The following exceptions would override the custodial parent rule and permit you, as a non-custodial parent, to have your child’s dependent care expenses eligible for the Flexible Spending Account:
? The custodial parent formally released claim to the Federal income tax dependent exemption for the tax year;
? You provide over half of the support of the child under a multiple agreement; or
? You are entitled to the dependent exemption
for Federal income tax as a result of an agreement executed prior to 1985.
Alternative Source of Dependent Care Assistance
Section 129 of the Internal Revenue Code also allows a Dependent Care Income Tax Credit which may apply to your dependent care costs. You cannot use the same dependent care expenses for both the Spending Account Plan and the Tax Credit. Also, the dollar limit available under the Tax Credit is reduced dollar for dollar by the amount used under the Spending Account. You will want to consider carefully which option will give you the greater tax savings.
Reporting Requirements
Effective in 1989, as a condition to the
Dependent Care credit or exclusion, a taxpayer must provide the name, address,
and taxpayer identification number of the dependent care provider.
EFFECT OF THE PLAN ON OTHER BENEFITS
The salary dollars you contribute to a Spending Account are not subject to Federal, most State taxes or FICA taxes, and will not be included in the income reported on your W-2 forms.
Some of the benefits provided by
However, under present law, your earnings for the purpose of determining your maximum contribution to a tax-sheltered deferred annuity plan and your Social Security benefits do not include salary reduction contributions made under the Augusta State University Flexible Spending Account Plans. In almost all cases, the value of the FICA, Federal, and State income tax savings to you should substantially exceed the reduction in your eventual Social Security benefits.
CLAIMS INFORMATION
In order to receive reimbursement for an eligible claim for health care or dependent care expenses, you must complete a claim form which is available on the Personnel Office website (www.aug.edu/Personnel). Please read each claim form carefully to be sure you have included all required information before you submit a claim to the Business Office.

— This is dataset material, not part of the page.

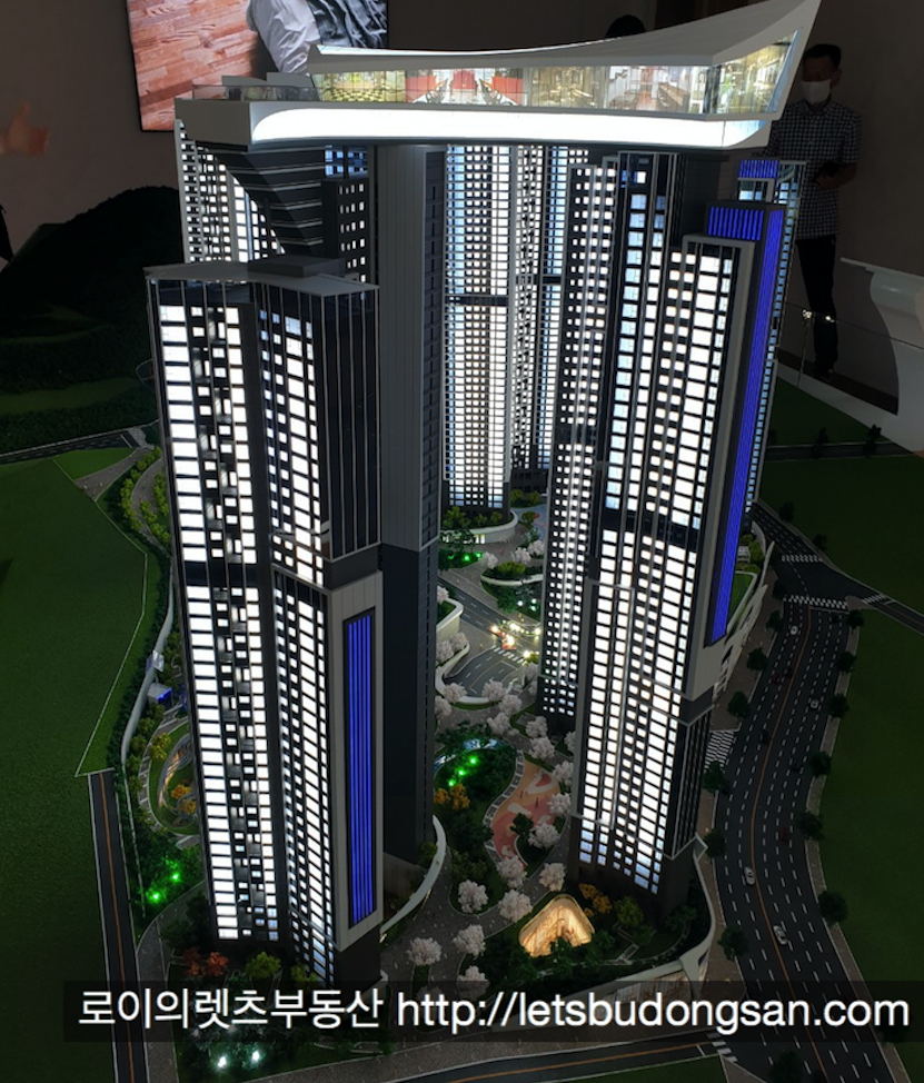 3개동을 연결하는 스카이브릿지와 외벽은 LED조명으로 큰 스크린이 되는미디어사파트가 적용되어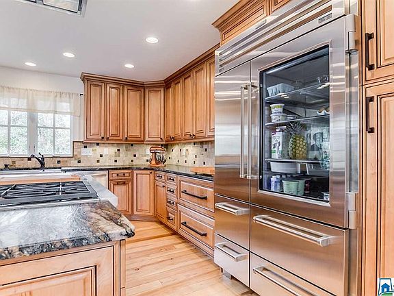 Beautiful 4 bedroom 4 bath home will feel like your own private retreat! The entryway is graced with vaulted wood ceilings, beautiful staircase, gleaming hardwood floors & opens to a spacious living area with floor to ceiling stone fireplace & arched doorways. The kitchen boasts Wolf Appliances, leathered granite countertops, large center island & ample cabinet space for storage. Upstairs features spacious bedrooms, beautifully tiled bathrooms & a master suite with large walk-in closet offering storage shelves & organizers. Full in-law suite in basement, with separate entry & HVAC system. Sprawling entertainment space greets you in the outdoor living area featuring a large fenced yard with mature landscaping, in-ground pool, multiple seating & dining areas with plenty of space to relax in the sun or shade while you enjoying Alabama summers. Additional features include 2 person heated whirlpool tub with waterfall feature. Laundry on main level. Walking distance to Vestavia Schools.

Claims should total at least $25.00 when
submitted for processing. Flex-spending reimbursements are made by direct
deposits once a week. In order to meet
the processing requirements, completed claim forms turned in by noon on Friday,
should be in your bank account by the end of the day on Friday of the following
week. This schedule is subject to change
for bank and school holidays, accounting month end, or year end closing
requirements.
All requests for reimbursement must include complete and appropriate documentation. Should you submit a claim for more than the current balance of your Dependent Care Spending Account, your claim will be returned and you will need to re-submit the claim when sufficient funds are available. However, at the end of a plan year if the total funds remaining in your account are not sufficient to cover an entire claim, you will be entitled only to reimbursement of the remaining balance of your account. Should you submit a claim for more than the current balance of your Health Care Spending Account, you may receive full reimbursement up to the annual salary reduction contribution elected.
To enable you to
use your spending account for expenses incurred up to the end of the plan year,
you may continue to submit claims for three months following the close of the
plan year. In order to be processed by month end, be sure all claims are
turned in by the 20th of March.
Those claims must be for expenses incurred during the actual plan year.